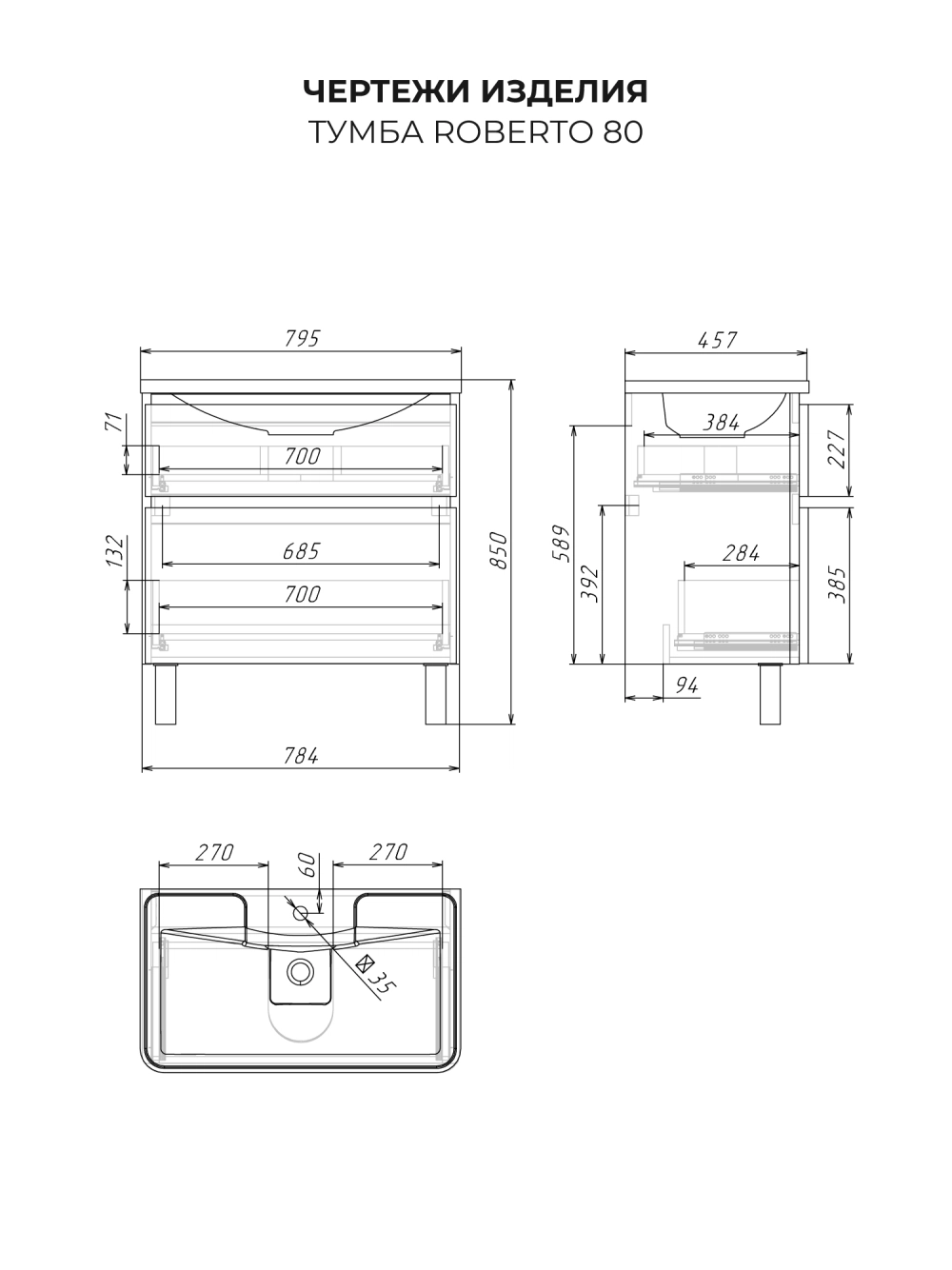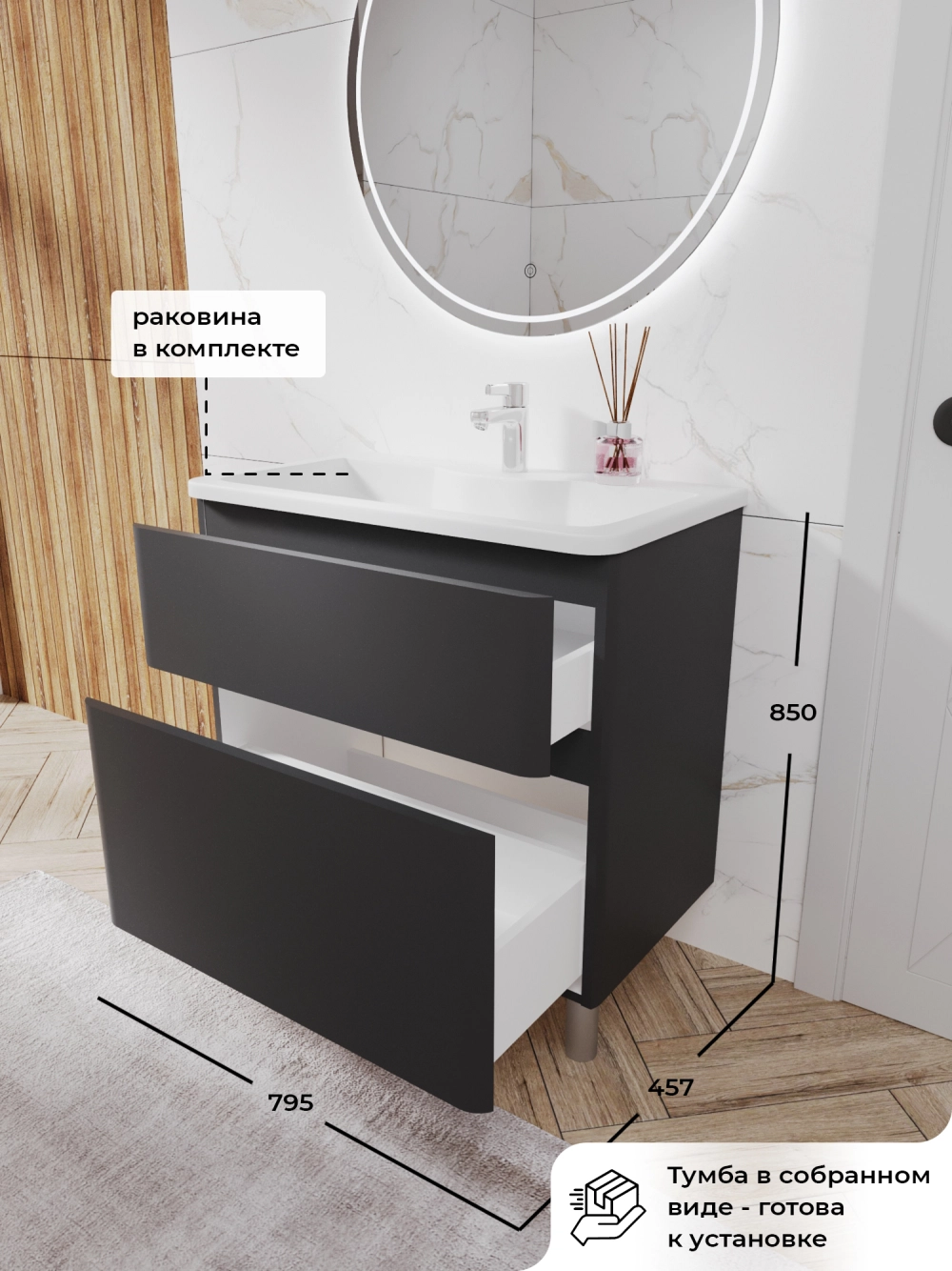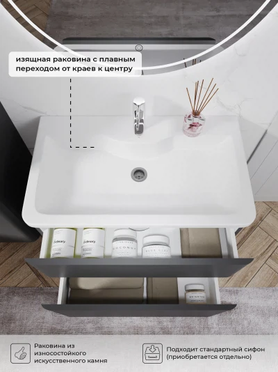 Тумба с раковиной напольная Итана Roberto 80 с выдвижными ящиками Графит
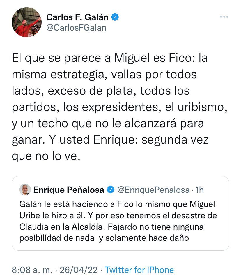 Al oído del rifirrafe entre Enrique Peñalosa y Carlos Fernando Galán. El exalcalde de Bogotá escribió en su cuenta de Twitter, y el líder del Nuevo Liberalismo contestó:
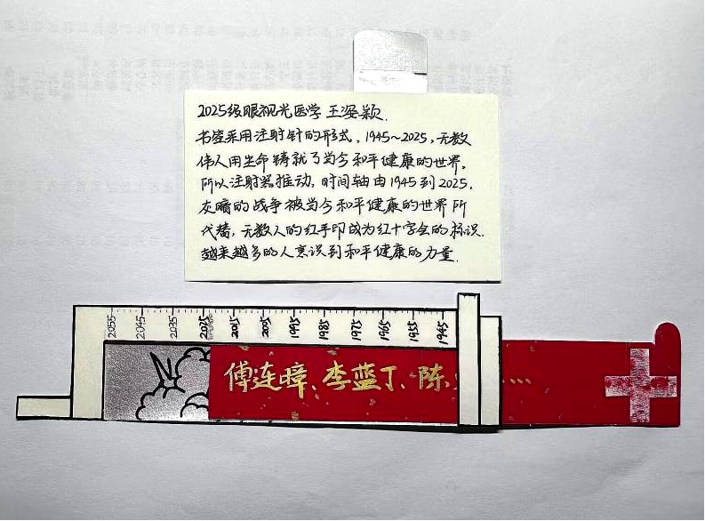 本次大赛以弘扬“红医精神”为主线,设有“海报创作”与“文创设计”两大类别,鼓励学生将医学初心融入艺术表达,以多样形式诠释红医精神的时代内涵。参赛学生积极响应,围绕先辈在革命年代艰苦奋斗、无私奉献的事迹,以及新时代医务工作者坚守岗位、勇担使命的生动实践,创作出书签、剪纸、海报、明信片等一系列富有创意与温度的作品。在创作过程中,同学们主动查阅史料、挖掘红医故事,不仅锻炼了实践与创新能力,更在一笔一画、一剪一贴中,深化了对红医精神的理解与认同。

### TASK DESCRIPTION
Exactly repeat every line from the line that includes "Al oído del" to the end of the listing, and nothing else, leaving pictures out.

### EXPECTED ANSWER
 Al oído del rifirrafe entre Enrique Peñalosa y Carlos Fernando Galán. El exalcalde de Bogotá escribió en su cuenta de Twitter, y el líder del Nuevo Liberalismo contestó:
 本次大赛以弘扬“红医精神”为主线,设有“海报创作”与“文创设计”两大类别,鼓励学生将医学初心融入艺术表达,以多样形式诠释红医精神的时代内涵。参赛学生积极响应,围绕先辈在革命年代艰苦奋斗、无私奉献的事迹,以及新时代医务工作者坚守岗位、勇担使命的生动实践,创作出书签、剪纸、海报、明信片等一系列富有创意与温度的作品。在创作过程中,同学们主动查阅史料、挖掘红医故事,不仅锻炼了实践与创新能力,更在一笔一画、一剪一贴中,深化了对红医精神的理解与认同。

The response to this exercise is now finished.